__WHAT NEEDS TO BE DONE__
Give a verbatim copy of the lines below, minus the pictures.

Start of DATA FOR THE TASK

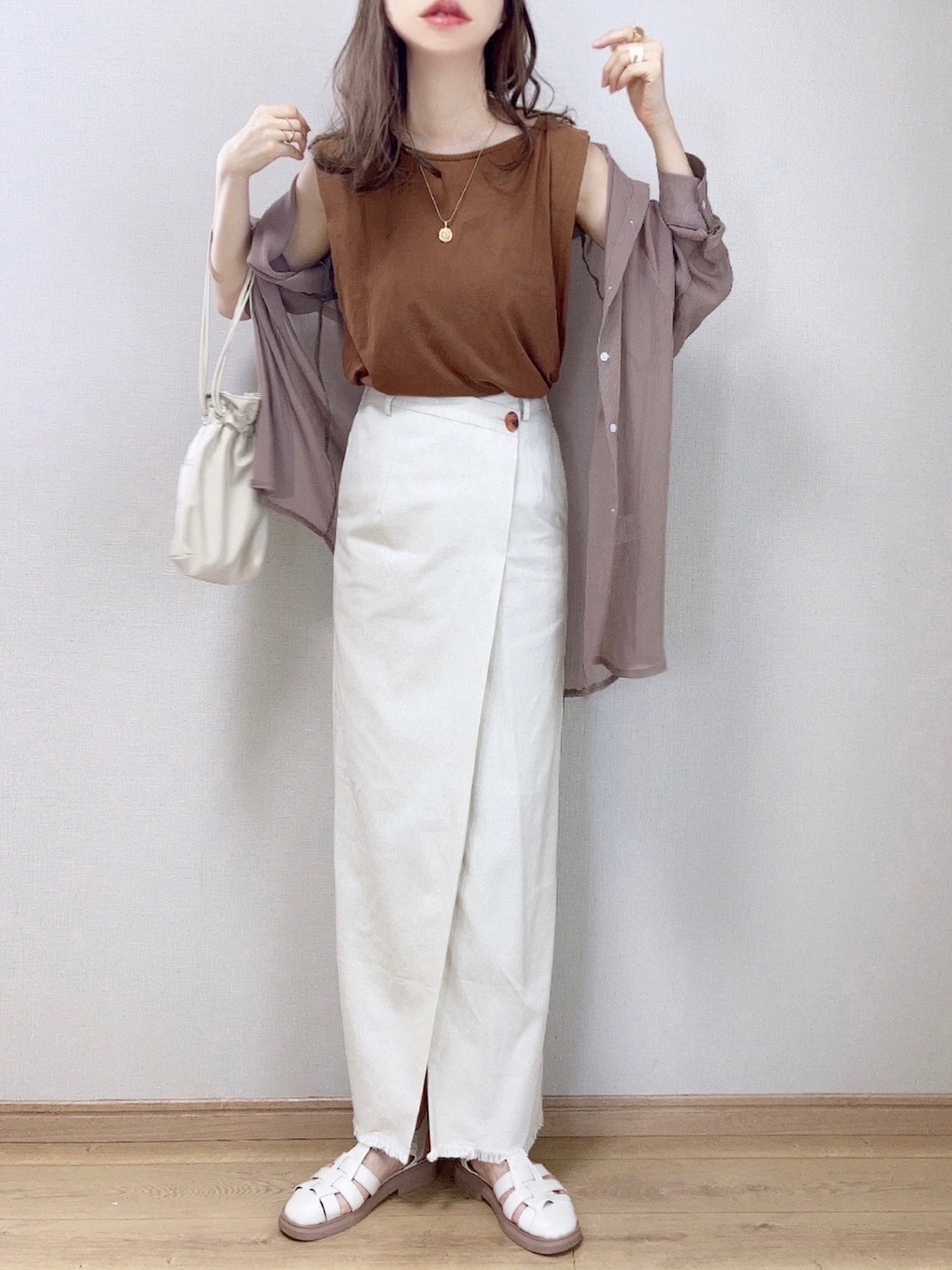 ぴょんのスカート「【WEB限定サイズあり】【大人ナチュ】大人のアシメスリットスカート」を使ったコーディネート
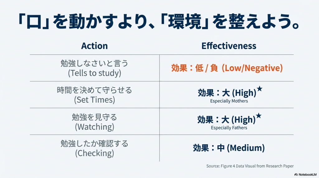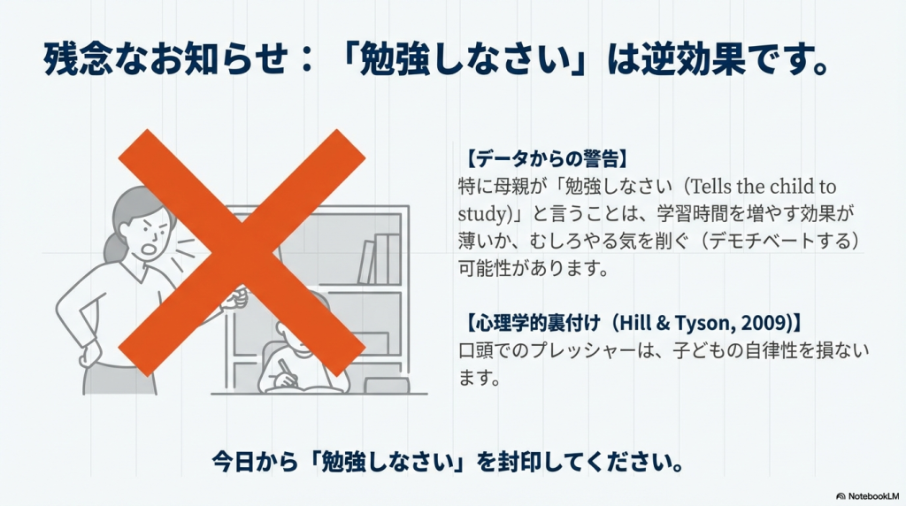 「勉強しなさい」は逆効果?科学が示す“本当に効く”親の関わり方【Nakamuro, 2013】
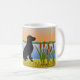 Black Labrador Bird Hund Sunset Coffee Tasse für diejenigen, die Labradors als Vogel Hund Rasse Liebe. Schönes Black Labrador Silhouette Design als Jagdhund in der Sonnenuntergangsansicht. Erstellt von Naomi Ochiai.
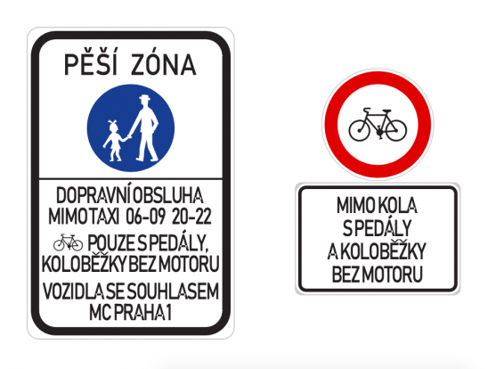 Návrh zákazové značky značky označující pěší zónu. Zdroj: Praha 1
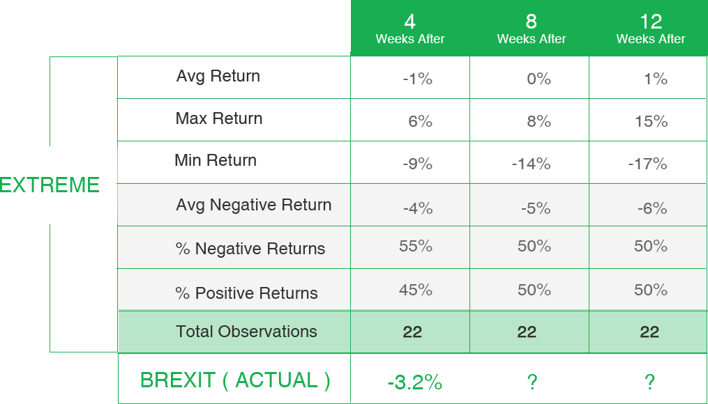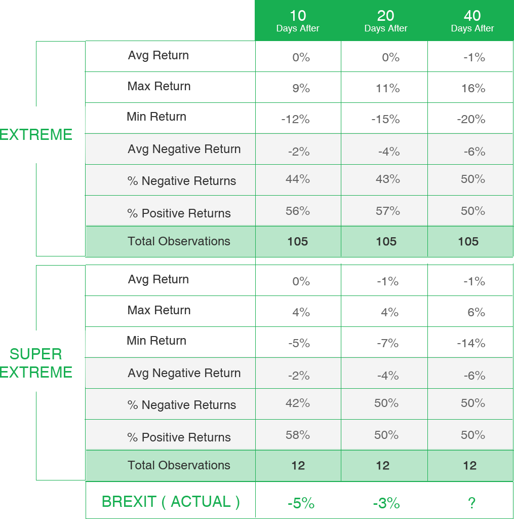 Regardless of how you chose to see the Brexit events, in this article I am going to crunch some numbers to see if such extreme price actions can potentially have any explanatory power that can be used by medium and short term traders.
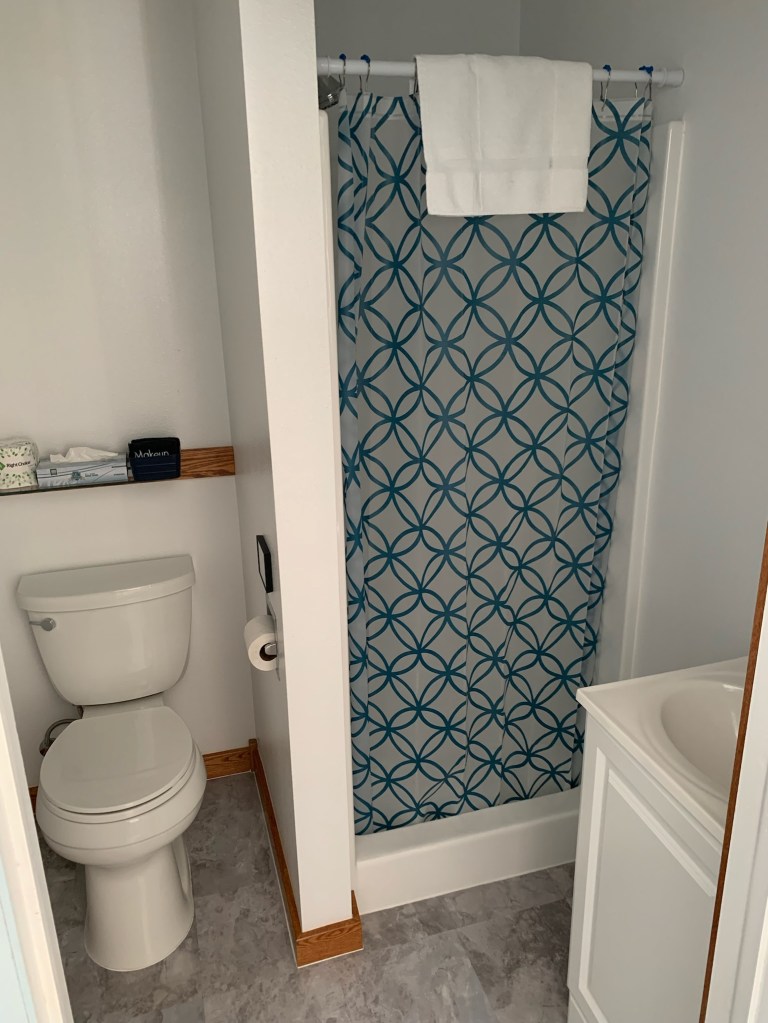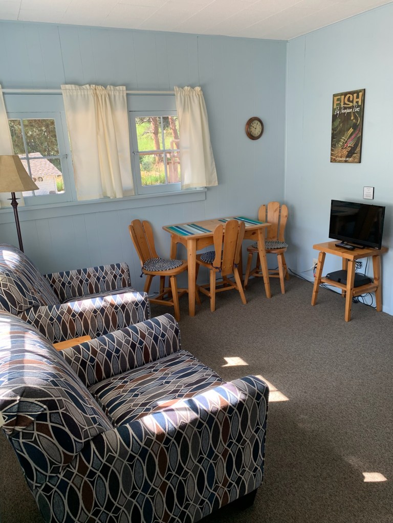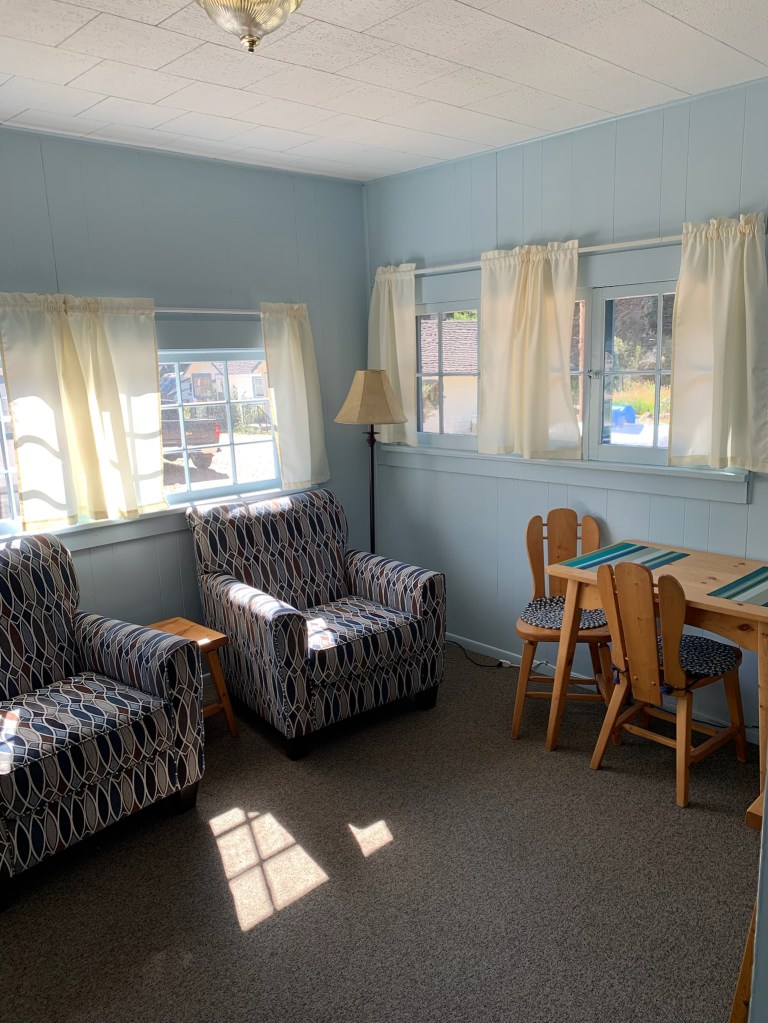 Duplex cottage, each side has two bedrooms and one bath – one double bed and two twin beds in each cottage, bathrooms with showers, kitchenettes, about 100 feet from the river, chairs and campfire pits available for your use along the river’s edge, four people maximum per cottage.
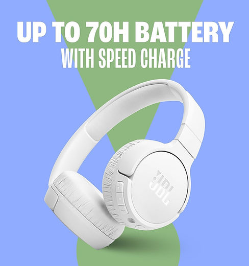 They feature Adaptive Noise Cancelling to minimize distractions and Smart Ambient modes (Ambient Aware and TalkThru) to let you hear your surroundings or conversations without removing the headphones.Long Battery Life:These headphones boast up to 70 hours of battery life, ensuring extended listening sessions.Connectivity:They offer Bluetooth 5.3 + LE Audio for wireless connection and can connect to two Bluetooth devices simultaneously, preventing missed calls while watching content on another device.Sound & Features:They deliver JBL Pure Bass sound and include features like hands-free calling, VoiceAware to hear your own voice during calls, and volume controls on the earcup.Â

End of DATA FOR THE TASK

__REPLY__
 ぴょんのスカート「【WEB限定サイズあり】【大人ナチュ】大人のアシメスリットスカート」を使ったコーディネート
 「勉強しなさい」は逆効果?科学が示す“本当に効く”親の関わり方【Nakamuro, 2013】
 Black Labrador Bird Hund Sunset Coffee Tasse für diejenigen, die Labradors als Vogel Hund Rasse Liebe. Schönes Black Labrador Silhouette Design als Jagdhund in der Sonnenuntergangsansicht. Erstellt von Naomi Ochiai.
 Návrh zákazové značky značky označující pěší zónu. Zdroj: Praha 1
 Regardless of how you chose to see the Brexit events, in this article I am going to crunch some numbers to see if such extreme price actions can potentially have any explanatory power that can be used by medium and short term traders.
 Duplex cottage, each side has two bedrooms and one bath – one double bed and two twin beds in each cottage, bathrooms with showers, kitchenettes, about 100 feet from the river, chairs and campfire pits available for your use along the river’s edge, four people maximum per cottage.
 They feature Adaptive Noise Cancelling to minimize distractions and Smart Ambient modes (Ambient Aware and TalkThru) to let you hear your surroundings or conversations without removing the headphones.Long Battery Life:These headphones boast up to 70 hours of battery life, ensuring extended listening sessions.Connectivity:They offer Bluetooth 5.3 + LE Audio for wireless connection and can connect to two Bluetooth devices simultaneously, preventing missed calls while watching content on another device.Sound & Features:They deliver JBL Pure Bass sound and include features like hands-free calling, VoiceAware to hear your own voice during calls, and volume controls on the earcup.Â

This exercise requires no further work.